FIG. 2 is an exemplary block diagram of a wireless communication device 200, such as the terminal 110, according to one embodiment. The wireless communication device 200 can include a housing 210, a controller 220 coupled to the housing 210, audio input and output circuitry 230 coupled to the housing 210, a display 240 coupled to the housing 210, a transceiver 250 coupled to the housing 210, a user interface 260 coupled to the housing 210, a memory 270 coupled to the housing 210, and an antenna 280 coupled to the housing 210 and the transceiver 250. The wireless communication device 200 can also include a data rate determination module 290 and a cell switch module 292. The wireless communication device 200 can also include a list generation module 294. The data rate determination module 290, the cell switch module 292, and/or the list generation module 294 can be coupled to the controller 220, can reside within the controller 220, can reside within the memory 270, can be autonomous modules, can be software, can be hardware, or can be in any other format useful for a module on a wireless communication device 200.

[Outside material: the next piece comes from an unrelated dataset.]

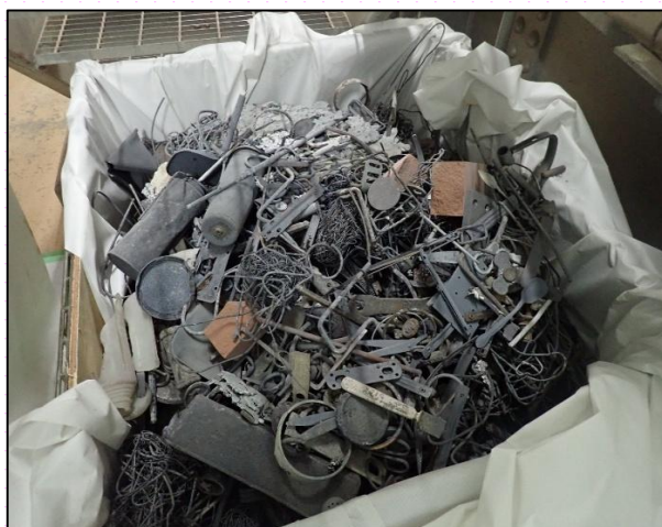
【機器の中で絡まった金属などの不燃ごみ】
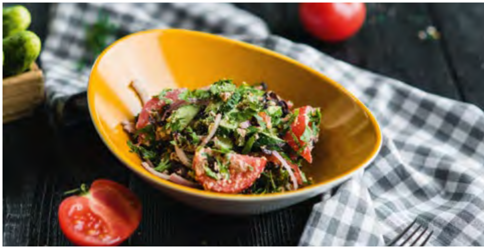
САЛАТ ПО-ГРУЗИНСКИ С ГРЕЦКИМ ОРЕХОМ | 410 GEORGIAN STYLE SALAD WITH WALNUTS

The display 240 can be a liquid crystal display (LCD), a light emitting diode (LED) display, a plasma display, or any other means for displaying information. The transceiver 250 may include a transmitter and/or a receiver. The audio input and output circuitry 230 can include a microphone, a speaker, a transducer, or any other audio input and output circuitry. The user interface 260 can include a keypad, buttons, a touch pad, a joystick, an additional display, or any other device useful for providing an interface between a user and an electronic device. The memory 270 may include a random access memory, a read only memory, an optical memory, a subscriber identity module memory, or any other memory that can be coupled to a mobile communication device.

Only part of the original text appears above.